I'm not 100% sure, but mutex locks tend to have a scope that lasts till the end of the block. What's confusing to me is that if this were true, your reader would block forever.
I haven't used rayon thread pools (just their par_iter) but in cross beam the threads get messages and block untill all scopes complete. Does this program exit? If so I'd be surprised to see missing (jobs). Could the unwrap be panicking and not logging?

silak · May 21, 2022, 10:40pm

i am added mutex only because if i increased count without mutex with
2 threads it skipped a lot of counting and more threads i use less
files is written at the end

2022-05-22 0:36 GMT+02:00, Michael Maraist via The Rust Programming
Language Forum notifications@rust-lang.discoursemail.com:

silak · May 21, 2022, 10:51pm

If I set the threadpool to use 1 thread, my test will write as many
files as I created jobs, but if I put num threads on 2, for example,
only half of the files will be written.

maraist · May 21, 2022, 11:22pm

Looking at this again, I definitely think you should change the counter.
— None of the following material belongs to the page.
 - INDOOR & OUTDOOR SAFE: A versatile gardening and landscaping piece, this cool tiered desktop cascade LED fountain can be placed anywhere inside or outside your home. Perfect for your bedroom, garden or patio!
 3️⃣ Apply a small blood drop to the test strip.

Either you are blocking it for the whole function call (effectively removing any parallelism) or you are reading a collapsed value (eg several adds happen all at once, and then they all read the same value at the end)

Not at computer, but search from std:atomic:AtomicInteger or some such thing and make sure to add and retain the modified value at beginning of function.
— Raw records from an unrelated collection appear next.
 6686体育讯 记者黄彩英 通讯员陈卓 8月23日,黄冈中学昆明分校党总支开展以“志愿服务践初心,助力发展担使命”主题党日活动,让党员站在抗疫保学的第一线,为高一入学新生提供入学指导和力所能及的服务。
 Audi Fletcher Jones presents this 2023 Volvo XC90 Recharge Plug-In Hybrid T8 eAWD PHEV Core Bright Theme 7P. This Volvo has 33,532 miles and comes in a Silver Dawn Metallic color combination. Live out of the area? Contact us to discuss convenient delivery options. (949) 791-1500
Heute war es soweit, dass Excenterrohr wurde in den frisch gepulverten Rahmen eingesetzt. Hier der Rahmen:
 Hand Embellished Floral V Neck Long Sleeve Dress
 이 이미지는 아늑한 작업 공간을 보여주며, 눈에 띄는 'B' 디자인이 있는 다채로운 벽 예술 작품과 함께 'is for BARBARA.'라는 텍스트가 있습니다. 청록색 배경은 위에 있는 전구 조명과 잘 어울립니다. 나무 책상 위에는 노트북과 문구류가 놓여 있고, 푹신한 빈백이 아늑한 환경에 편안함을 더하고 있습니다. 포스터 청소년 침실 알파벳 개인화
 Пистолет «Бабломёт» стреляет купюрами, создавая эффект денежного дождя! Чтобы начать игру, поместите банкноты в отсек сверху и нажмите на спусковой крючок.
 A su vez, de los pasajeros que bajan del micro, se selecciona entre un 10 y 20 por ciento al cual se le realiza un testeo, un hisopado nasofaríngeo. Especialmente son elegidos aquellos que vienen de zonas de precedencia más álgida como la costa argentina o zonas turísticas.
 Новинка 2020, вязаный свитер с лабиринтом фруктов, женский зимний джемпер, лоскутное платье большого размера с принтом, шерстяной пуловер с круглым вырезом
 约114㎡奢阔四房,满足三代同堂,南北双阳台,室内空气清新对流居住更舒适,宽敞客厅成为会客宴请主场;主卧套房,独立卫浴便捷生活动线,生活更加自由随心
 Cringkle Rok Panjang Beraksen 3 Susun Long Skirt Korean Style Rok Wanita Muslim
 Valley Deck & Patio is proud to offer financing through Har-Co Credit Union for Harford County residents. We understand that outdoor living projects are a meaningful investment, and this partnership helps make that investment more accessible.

silak · May 21, 2022, 11:48pm

I tried to delete the mutex and then it happened that my test wrote
file 0 and all the others skipped when I had the threads set to 2

2022-05-22 1:32 GMT+02:00, Michael Maraist via The Rust Programming
Language Forum notifications@rust-lang.discoursemail.com:

cuviper · May 22, 2022, 6:26am

You're updating the counter with a write lock, but then much later you're using a separate read lock to read the counter. It may have been modified by other threads as well in the meantime. Like:

Thread 1 writes count += 1 (count == 1)
Thread 2 writes count += 1 (count == 2)
Thread 1 finishes its work, reads count 2, and writes that file name.
Thread 2 finishes its work, reads count 2, and writes the same file name.
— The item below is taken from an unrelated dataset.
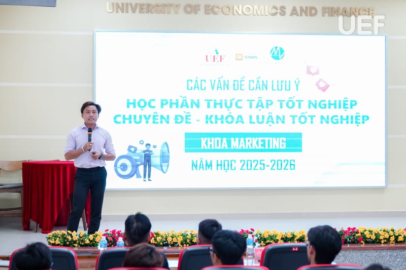 Bên cạnh phần chia sẻ từ khách mời, Khoa Marketing và Trung tâm Hợp tác doanh nghiệp cũng phổ biến những thông tin quan trọng liên quan đến kế hoạch thực tập như các mốc thời gian cần lưu ý, quy trình viết báo cáo, định hướng chuyên đề - khóa luận, cùng với việc chuẩn bị cho ngày hội việc làm Mock Interview & JobFair 2025. Những thông tin này giúp sinh viên chủ động sắp xếp lộ trình, chuẩn bị kỹ lưỡng hơn cho kỳ thực tập quan trọng sắp tới.
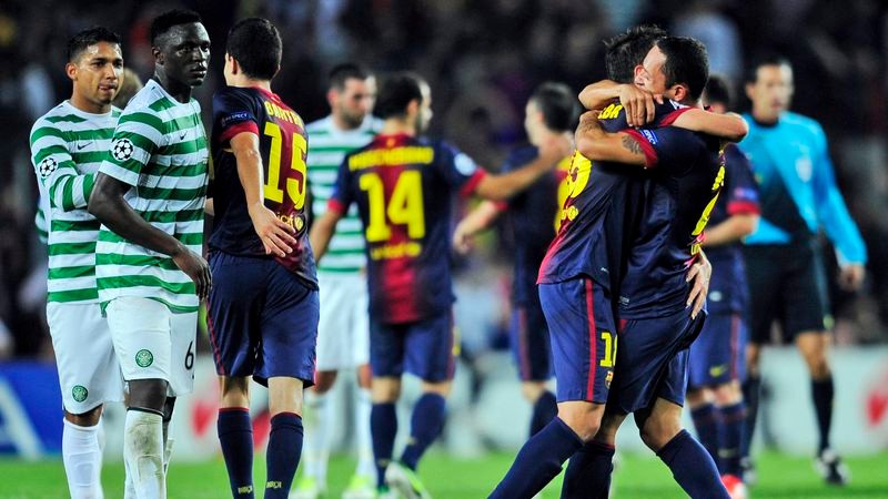 "Blaugranas" zvíťazili nad škótskym klubom 2:1, keď víťazný gól dal v nadstavenom čase reprezentačný obranca Španielska Jordi Alba. Zverenci Tita Vilanovu prehrávali doma na Nou Campe s "katolíkmi" 0:1, keď skóroval v 18. min hlavičkou grécky legionár Jorgos Samaras. Na jeho presný zásah odpovedal tesne pred polčasovou prestávkou stredopoliar Andrés Iniesta, ktorý bol na konci typickej barcelonskej akcie na jeden dotyk.

There are ways to fix that kind of race, but you could instead use a parallel iterator for the count:

(0..n_jobs).into_par_iter().for_each(|i| {
    // Calculate and write file `i`
});

silak · May 22, 2022, 11:06am

I created this example because in my original project I will have an
aes_gcm_siv encryptor which will read the files then the encrypt will
be used and written to the same file and therefore for example I used
thread workers via python but I don't know how to do it so that 4
threads helped speed up this process

2022-05-22 8:36 GMT+02:00, Josh Stone via The Rust Programming
Language Forum notifications@rust-lang.discoursemail.com:

silak · May 22, 2022, 11:22am

on this link I have my original code where I just changed the keys so
that they are not the same as I have and there I would need to use
thread workers to speed up encrypting
(Playground)

cuviper · May 22, 2022, 2:42pm

Ok, well that code doesn't have anything like the counter problem -- it looks like that should work.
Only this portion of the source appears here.